Guest column: Oregon’s civil commitment crisis and the path forward

Published 8:06 am Thursday, May 1, 2025

Oregon faces a moral crisis in how we care for our most vulnerable citizens. Today, individuals experiencing serious mental health symptoms who are unable to voluntarily engage in care often face an impossible dilemma: continued deterioration without intervention or arrest and prosecution.

We come to this issue from different perspectives but with a shared conviction. One of us, Bouneff, is the executive director of NAMI Oregon representing individuals who live with mental health disorders and their family members. The other, Kotek Wilson, is Oregon’s first lady and a former mental health practitioner who assessed clients for civil commitment. From both our viewpoints, it’s clear: Our current laws often prevent timely, life saving intervention.

Under today’s interpretation of Oregon law, if someone is experiencing acute symptoms of their mental health disorder it can be hard to obtain care. As practiced day-to-day across Oregon, if they’re not an immediate threat to themselves or an immediate threat to others, they don’t usually qualify for civil commitment. But with no other change in their condition, if they walk out of the emergency room and get arrested, they are likely to be compelled into care.
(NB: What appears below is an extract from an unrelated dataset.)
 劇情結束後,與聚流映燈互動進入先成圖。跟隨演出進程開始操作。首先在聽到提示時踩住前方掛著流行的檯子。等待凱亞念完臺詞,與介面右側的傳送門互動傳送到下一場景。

The question today isn’t whether to utilize commitment. Oregon is doing so right now. Only we are waiting for people to be arrested for a crime, and then compelling them into care. The goal of “aid and assist” restoration, however, isn’t recuperation and recovery. It’s to get someone well enough to prosecute them.

The human cost is immeasurable. We’ve seen patients lose their housing, access to medical treatment, relationships with loved ones, their long-term independence, and progress they’ve worked so hard for — all because the current criteria failed to acknowledge their acute need for care. In another state — 37 other states actually — practitioners have much greater ability to intervene before such devastating consequences. Being unable to provide care until someone is dangerously close to irreversible harm is causing moral injury to healthcare professionals, law enforcement and service providers. The system is currently set up so that even when it is crystal clear to a practitioner that a client is in danger and that they’re on the precipice of irreversible harm, we often still can’t intervene.
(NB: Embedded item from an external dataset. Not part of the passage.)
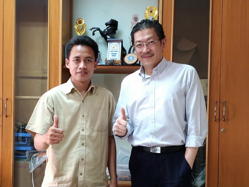 Bersama salah satu peserta kloter pertapaan Pemrograman Mikrokontroler STM32 dan Aplikasi CAN – Controller Area Network, 23 – 25 Juli 2018, Dr (cand) Ery Muthoriq, S.T., M.T., yang saat ini tengah menyelesaikan program Doktoral Teknik Mesin di Institut Teknologi Bandung.
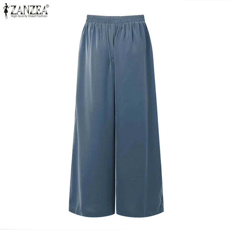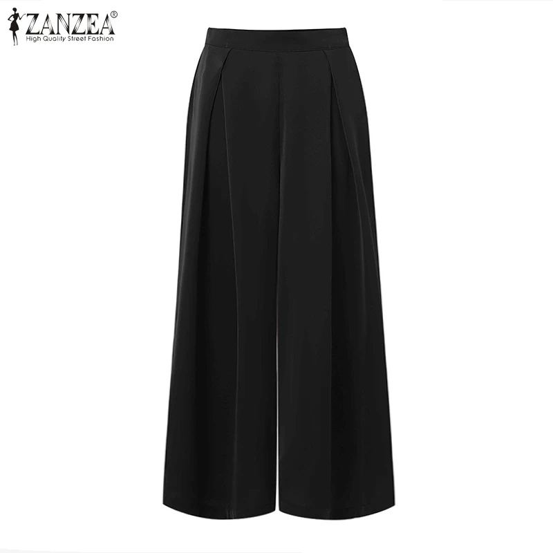 ZANZEA 2025 Pantalon d'été femmes taille haute Baggy Pantalon élégant travail OL Pantalon solide Long Palazzo élégant ample jambe large Pantalon

House Bill 2467A offers a path forward. This legislation:

Creates separate definitions for “danger to self” and “danger to others.”
Clearly defines “serious physical harm.”
Specifies the definition of “near future”.
Provides specific factors courts may consider when assessing danger to self and danger to others.
This legislation also creates an offramp for those who find themselves in jail and who would be better suited for the mental health system due to the significance of their medical and behavioral health needs, allowing them to be civilly committed and transported to a healthcare facility. Struggling Oregonians who need life saving mental healthcare will not find it in jail. This bill helps get them to the care that will allow long-term healing to begin.

Ultimately, the legislation resets the state’s criteria to a reasonable level. But we must be clear that if all we do is change criteria, we haven’t reached our goal of helping people better. Without investing in services, we will have the logjam we have today. The Legislature must also pass companion legislation to quickly add community residential treatment capacity and invest further in developing new residential facilities. And we also need to focus on helping people well before they ever reach criteria for commitment.
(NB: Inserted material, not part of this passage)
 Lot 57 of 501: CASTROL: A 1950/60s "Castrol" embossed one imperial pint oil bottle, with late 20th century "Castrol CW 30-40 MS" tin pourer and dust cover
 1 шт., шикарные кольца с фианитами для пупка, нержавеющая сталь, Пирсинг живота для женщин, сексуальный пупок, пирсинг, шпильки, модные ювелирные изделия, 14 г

We can often see when a person struggling with mental illness is about to take a devastating fall. The job of practitioners — and communities — is to do what we can to catch them before they fall, instead of picking up the pieces afterwards. Right now, our laws are preventing us from doing that in far too many cases. It’s unnecessary, it’s cruel, and the Legislature has the opportunity to change this.

We urge the Legislature to support HB 2467A. We hope that clinicians will always be allowed to treat people in need. That people in crisis receive health care rather than a jail sentence. And ultimately, that commitments of any kind become rare because our health care system will be equipped to address individuals’ needs before they’re in crisis.

Aimee Kotek Wilson is first lady of Oregon. Chris Bouneff is executive director of NAMI Oregon.